Die Antragstellerin hat sich gegen dieses Schreiben gewandt, weil es die Rechtslage falsch darstelle und weil es die erforderlichen Pflichtangaben gemäß §§ 37a HGB, 35a GmbHG nicht enthalte.

Die Kammer hat - nach Abänderung des zunächst gestellten Antrags durch die Antragstellerin - mit Beschluss vom 10.04.2006 der Antragsgegnerin u. a. untersagt,

bei Wettbewerbshandlungen

1.

im Zusammenhang mit Einfuhr und/oder Inverkehrbringen, d.h. dem Anbieten, Vorrätighalten zur Abgabe, Feilhalten und jedem Abgeben an andere, von Pflanzenschutzmitteln die nachfolgende Erklärung wörtlich oder sinngemäß zu verbreiten:

"Ein importiertes Produkt, dass mit einem in Deutschland zugelassenen Produkt chemisch übereinstimmt, ist auch unter Berücksichtigung der Vorgaben dessen, was man unter Cross Compliance versteht, genauso legal handel- und anwendbar wie ein deutsches Markenprodukt."

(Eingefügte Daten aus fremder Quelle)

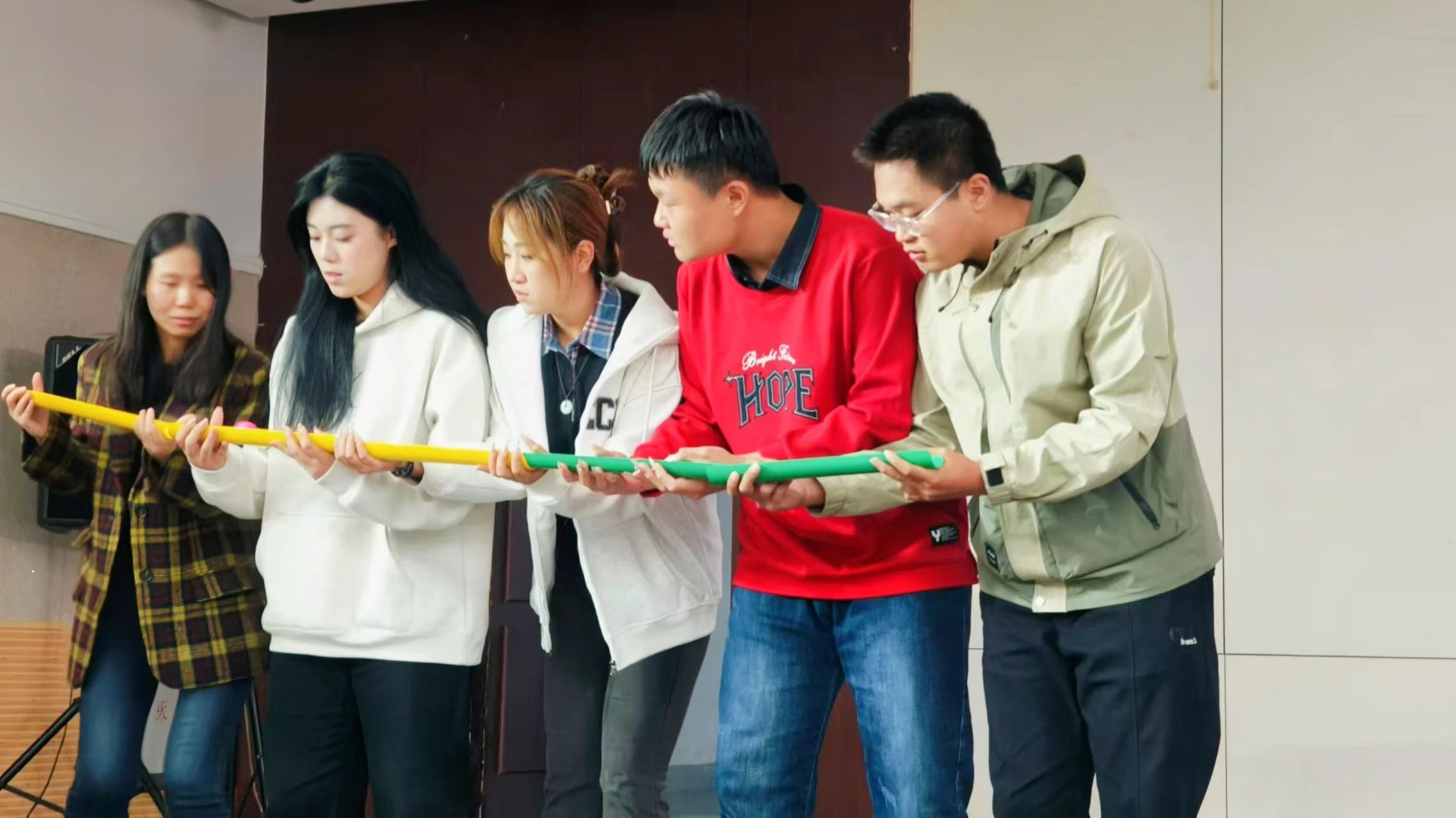 为了让班导师和同学们快速熟悉,这次“青春有约”还精心设计了“破冰”游戏。每位导师和自己所带班级的学生组成“战队”,在“传球接力”游戏中密切合作、培养默契。3位班导师带领三支队伍各出奇招,迈动灵活的脚步,专注手上的平衡,迅速点燃现场气氛。

ohne zugleich darauf hinzuweisen, dass eine Einfuhr und/oder ein Inverkehrbringen und/oder eine Anwendung von Pflanzenschutzmitteln in der Bundesrepublik Deutschland voraussetzt, dass das importierte Produkt über eine eigene Zulassung in einem EU/EWR-Staat verfügt.

und/oder

2.

auf allen Geschäftsbriefen, die an einen bestimmten Empfänger gerichtet werden, nicht die gemäß §§ 37 a HGB, 35 a GmbHGesetz erforderlichen Angaben zu machen:

- Rechtsform,

- Sitz der Gesellschaft,

- Registergericht des Sitzes der Gesellschaft,

- Nummer, unter der die Gesellschaft in das Handelsregister eingetragen ist,

- alle Geschäftsführer, gegebenenfalls den Aufsichtsratsvorsitzenden, mit dem

Familiennamen und mindestens einem ausgeschriebenen Vornamen,

- Firma,

- Ort der Handelsniederlassung,

wobei Bestellscheine als Geschäftsbriefe gelten.

Die Antragstellerin beantragt,

die einstweilige Verfügung durch Beschluss der Kammer vom 10.04.2006 - 14 O 50/06 - zu bestätigen.

Die Antragsgegnerin stellt den Antrag,

die einstweilige Verfügung des Landgerichts Bonn vom 10.04.2006, Az. 14 O 50/06, aufzuheben und den Antrag auf Erlass einer einstweiligen Verfügung zurückzuweisen.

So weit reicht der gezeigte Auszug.